**Problem to work on:** Go through the following data and transcribe exactly the stretch of lines from the one holding "In the AEAD model, as" to the one holding "相続が発生した時点では、10", both included.

**The records:**
'''
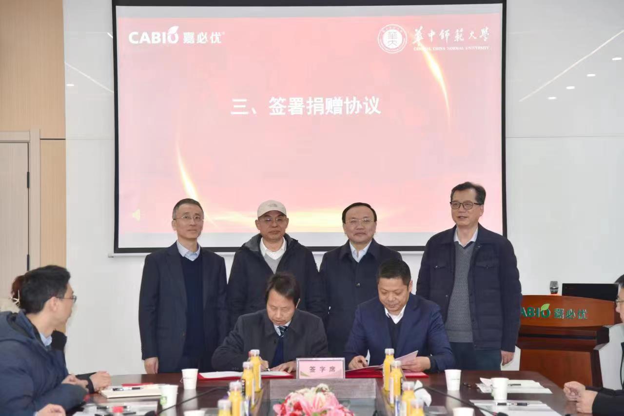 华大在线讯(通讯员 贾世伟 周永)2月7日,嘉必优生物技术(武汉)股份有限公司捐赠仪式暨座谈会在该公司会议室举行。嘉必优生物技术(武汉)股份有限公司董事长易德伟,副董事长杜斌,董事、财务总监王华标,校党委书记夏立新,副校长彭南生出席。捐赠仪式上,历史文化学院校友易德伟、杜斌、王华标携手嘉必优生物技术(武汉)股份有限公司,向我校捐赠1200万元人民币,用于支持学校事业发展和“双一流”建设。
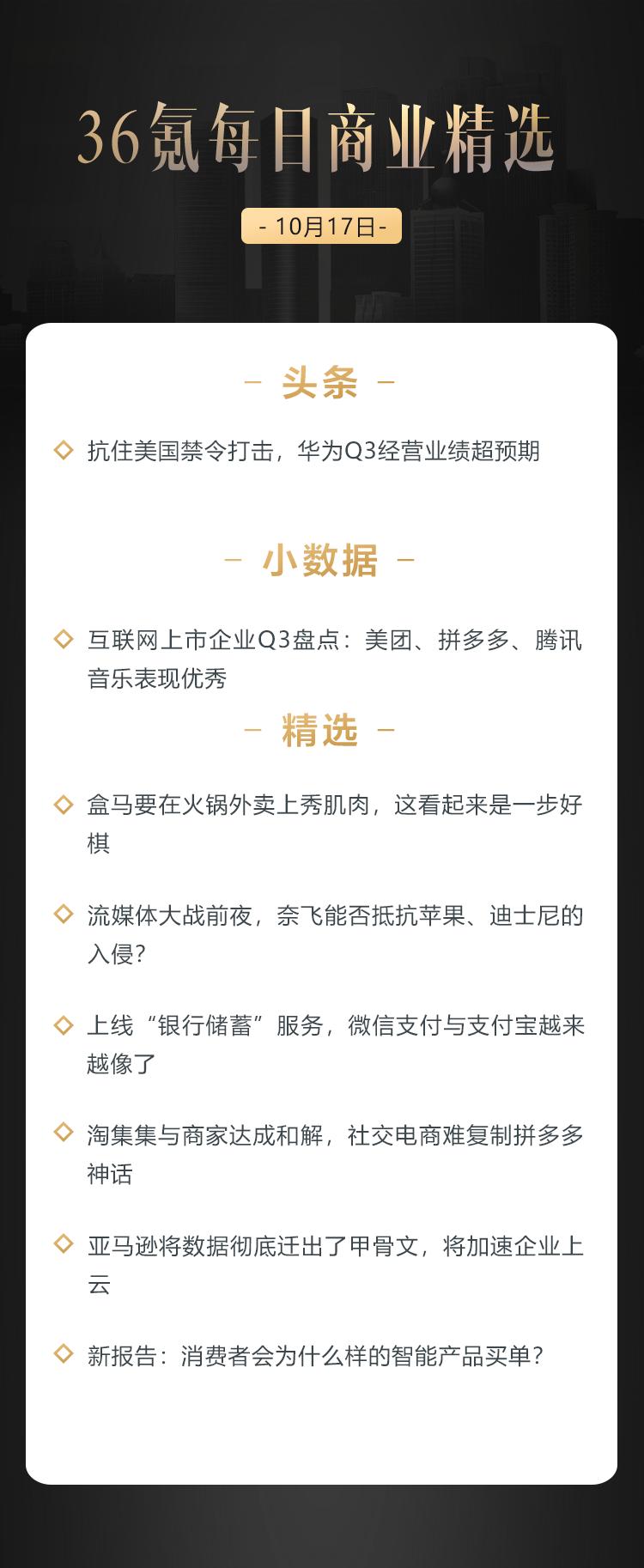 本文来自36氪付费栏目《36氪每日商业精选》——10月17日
'''
'''
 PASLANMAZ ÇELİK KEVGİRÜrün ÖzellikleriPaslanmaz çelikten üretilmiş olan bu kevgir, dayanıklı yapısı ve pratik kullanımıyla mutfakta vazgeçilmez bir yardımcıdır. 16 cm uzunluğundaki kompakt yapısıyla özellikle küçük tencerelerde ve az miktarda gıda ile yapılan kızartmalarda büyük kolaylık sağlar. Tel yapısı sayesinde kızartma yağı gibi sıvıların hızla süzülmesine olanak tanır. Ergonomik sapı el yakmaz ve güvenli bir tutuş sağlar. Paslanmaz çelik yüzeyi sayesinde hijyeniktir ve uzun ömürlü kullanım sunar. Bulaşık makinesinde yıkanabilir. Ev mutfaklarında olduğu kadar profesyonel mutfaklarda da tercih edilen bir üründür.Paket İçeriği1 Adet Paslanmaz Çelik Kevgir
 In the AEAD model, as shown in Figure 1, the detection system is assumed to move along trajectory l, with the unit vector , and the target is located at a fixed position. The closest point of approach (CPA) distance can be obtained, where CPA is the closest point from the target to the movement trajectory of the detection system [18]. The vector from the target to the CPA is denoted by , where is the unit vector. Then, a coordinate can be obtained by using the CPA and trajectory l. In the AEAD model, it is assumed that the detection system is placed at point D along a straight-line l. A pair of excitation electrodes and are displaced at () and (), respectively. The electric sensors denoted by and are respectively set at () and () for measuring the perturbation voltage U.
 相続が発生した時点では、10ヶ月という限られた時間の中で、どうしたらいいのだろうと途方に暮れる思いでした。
'''
**Response area:**
 In the AEAD model, as shown in Figure 1, the detection system is assumed to move along trajectory l, with the unit vector , and the target is located at a fixed position. The closest point of approach (CPA) distance can be obtained, where CPA is the closest point from the target to the movement trajectory of the detection system [18]. The vector from the target to the CPA is denoted by , where is the unit vector. Then, a coordinate can be obtained by using the CPA and trajectory l. In the AEAD model, it is assumed that the detection system is placed at point D along a straight-line l. A pair of excitation electrodes and are displaced at () and (), respectively. The electric sensors denoted by and are respectively set at () and () for measuring the perturbation voltage U.
 相続が発生した時点では、10ヶ月という限られた時間の中で、どうしたらいいのだろうと途方に暮れる思いでした。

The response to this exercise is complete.